Many more sons will die
while the Democrats do nothing to stop the war
They have failed to take on the principal reason they
were elected and, tragically, the US public is unlikely
to force them to
By Gary Younge
01/08/07 "The
Guardian" -- -- Only the squeaking of the
boots of the military pallbearers could be heard in the
Calvary church in Grand Rapids, Michigan, on Thursday as
Chad Vollmer's coffin was wheeled to the front. By the
time the service was over their steps were inaudible
amid the chorus of sobs and sniffles. Vollmer died two
weeks ago when a makeshift bomb exploded near his
vehicle in Salman Pak, Iraq. His funeral was a
profoundly patriotic affair. Family members and fellow
soldiers praised the 24-year-old as a young man who "honoured
his country, family, and God". Huge billowing flags
lined the entrance to the church and one hung over the
pulpit; the first hymn was America the Beautiful. "There
are two who have died for all of us today," said the
army chaplain, Major Timothy Mattison. "Jesus and the US
soldier. Jesus died for the freedom of the soul; the US
soldier died for the freedom of our land."
Days like these have become all too common in Michigan
recently. As the nation marked the 3,000th military
death in Iraq, eight families in the state were
preparing to bury their young men.
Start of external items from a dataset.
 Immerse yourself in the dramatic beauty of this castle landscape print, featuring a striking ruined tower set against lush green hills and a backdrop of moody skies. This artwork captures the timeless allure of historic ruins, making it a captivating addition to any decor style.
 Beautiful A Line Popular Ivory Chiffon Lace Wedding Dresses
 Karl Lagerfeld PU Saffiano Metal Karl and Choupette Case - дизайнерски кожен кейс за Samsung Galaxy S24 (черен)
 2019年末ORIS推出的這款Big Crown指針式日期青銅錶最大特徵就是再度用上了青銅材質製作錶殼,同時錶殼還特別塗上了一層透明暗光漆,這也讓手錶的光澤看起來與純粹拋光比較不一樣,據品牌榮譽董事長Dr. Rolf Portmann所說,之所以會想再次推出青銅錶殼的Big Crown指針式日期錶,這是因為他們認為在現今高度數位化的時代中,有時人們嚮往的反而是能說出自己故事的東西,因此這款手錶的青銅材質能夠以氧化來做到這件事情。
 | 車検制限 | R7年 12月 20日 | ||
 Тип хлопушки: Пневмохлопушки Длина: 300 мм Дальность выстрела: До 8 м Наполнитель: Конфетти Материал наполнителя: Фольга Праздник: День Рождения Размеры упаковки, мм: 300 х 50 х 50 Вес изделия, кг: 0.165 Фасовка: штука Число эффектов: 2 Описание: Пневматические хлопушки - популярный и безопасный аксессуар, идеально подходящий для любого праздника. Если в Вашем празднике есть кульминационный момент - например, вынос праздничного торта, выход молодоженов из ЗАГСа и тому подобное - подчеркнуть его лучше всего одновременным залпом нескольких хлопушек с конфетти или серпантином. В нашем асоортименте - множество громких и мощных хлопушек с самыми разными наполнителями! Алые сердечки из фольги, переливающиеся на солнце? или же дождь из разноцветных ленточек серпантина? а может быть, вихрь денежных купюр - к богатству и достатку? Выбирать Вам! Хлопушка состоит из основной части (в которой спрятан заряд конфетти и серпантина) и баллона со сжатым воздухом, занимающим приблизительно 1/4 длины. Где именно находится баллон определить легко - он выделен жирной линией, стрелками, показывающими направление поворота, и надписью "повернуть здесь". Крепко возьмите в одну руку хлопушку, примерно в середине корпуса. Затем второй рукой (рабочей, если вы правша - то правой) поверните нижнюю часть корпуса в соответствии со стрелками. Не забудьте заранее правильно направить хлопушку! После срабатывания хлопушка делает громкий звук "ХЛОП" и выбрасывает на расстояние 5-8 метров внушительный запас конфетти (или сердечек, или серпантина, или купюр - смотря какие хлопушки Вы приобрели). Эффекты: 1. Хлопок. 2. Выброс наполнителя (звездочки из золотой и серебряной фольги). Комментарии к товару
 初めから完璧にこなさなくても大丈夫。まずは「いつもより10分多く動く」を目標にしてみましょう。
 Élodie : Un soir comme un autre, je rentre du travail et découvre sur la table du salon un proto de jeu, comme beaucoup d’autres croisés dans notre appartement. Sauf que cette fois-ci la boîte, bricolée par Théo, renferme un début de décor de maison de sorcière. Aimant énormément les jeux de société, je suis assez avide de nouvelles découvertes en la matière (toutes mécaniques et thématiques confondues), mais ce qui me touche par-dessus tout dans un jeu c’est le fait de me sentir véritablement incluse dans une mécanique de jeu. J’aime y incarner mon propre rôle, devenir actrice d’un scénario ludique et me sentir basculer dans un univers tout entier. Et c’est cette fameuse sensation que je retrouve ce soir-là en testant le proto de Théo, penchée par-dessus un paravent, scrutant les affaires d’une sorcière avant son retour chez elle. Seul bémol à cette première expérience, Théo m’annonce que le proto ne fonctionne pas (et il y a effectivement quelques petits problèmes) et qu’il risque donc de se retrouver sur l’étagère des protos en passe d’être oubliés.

Every day bar New
Year's Day saw at least one funeral here. Last Saturday
there were three.
The emotional consequences of these deaths are clear.
People say goodbye to a son, daughter, friend or lover
and are left with memories wrapped in a neatly folded
American flag and a few medals as they struggle to make
sense of their loss. But the political consequences are
more complex. Each American death falls like a pebble
into a still pool. It makes an impact where it lands and
sends out a small ripple that soon fades. Those outside
the immediate vicinity rarely feel or are even aware of
the death. Curt Norris from Lansing died on the same day
as Vollmer in a different incident. Lansing is just 90
miles from Detroit. But the day after Norris's funeral
the Detroit Free Press carried just one story from
Lansing - about a postman who has been on the same beat
for 50 years. Like Norris and Vollmer, it is white kids
from small towns who are most vulnerable. (The vastly
higher number of Iraqi civilian deaths barely feature at
all, although the national press has recently started to
acknowledge that they happen.)
President George Bush refuses to attend any soldiers'
funerals and the ban on televising coffins returning
home, which was introduced but rarely observed by Bill
Clinton, is now strictly enforced. Small pebbles keep
falling (roughly at the rate of three a day), but none
makes a big splash.
The mounting US casualties have relatively little effect
on America's views on this war. The months with the
heaviest losses have seen no corresponding spikes in
opposition. Instead the national mood has soured
steadily over the years until the number of those who
approve of Bush's handling of the war is now roughly
half those who approved of his handling of Hurricane
Katrina. According to a recent Army Times poll, more
troops disapprove of Bush's handling of this war than
back it.
"Public approval rarely gets lower than this," says
Christopher Gelpi, an associate professor of political
science at Duke university who studies US public opinion
and war. "The key factor shaping public opinion is
whether we are making progress towards a successful
outcome. On those points the public have already made up
their mind."
Opposition to the occupation was demonstrated most
clearly at the polls in November, when Democrats won
both houses of Congress. Indeed just a couple hours
after Vollmer was lowered into the ground the new
Democratic House speaker, Nancy Pelosi, raised her gavel
for the first time. To lend the inauguration the
appearance of vitality the party has dedicated itself to
a raft of legislative changes over its first 100 hours
in power. Among other things, the Democrats will raise
the minimum wage, cut interest on student loans and
bring in stricter laws on lobbying - all modest,
manageable, sensible and centrist. But none of them
deals with the key question of the day and the principal
reason why they were elected - the war.
There are two reasons for this. First, the Democrats
have no coherent position on the war. In fact, most of
them voted for it. Second, given that the president is
the commander-in-chief and conducts foreign policy,
there is a limit to what the Democrats can
constitutionally do about it, beyond refusing to fund
it. This would represent great political risk, making
Democrats vulnerable to the Republican charge that they
are putting American soldiers at risk for partisan
reasons. Such a stance would demand both principle and
determination - neither of which has proven to be their
strong suit.
In an attempt to intervene between the supine and the
stubborn, the Iraq Study Group last month offered Bush a
stern rebuke - but also a way out. This week it will
receive his response as he plans to rebuff popular
opinion, political opposition and establishment advice
and call for a "surge" of between 20,000 and 40,000
troops in Iraq to "stabilise" the situation. The word
surge, like every other premise for this war, is
misleading. It suggests a brief increase when, in fact,
his advisers have told him the extra troops would have
to be there for at least 18 months.
"Clearly, this is not a move to shift public opinion,"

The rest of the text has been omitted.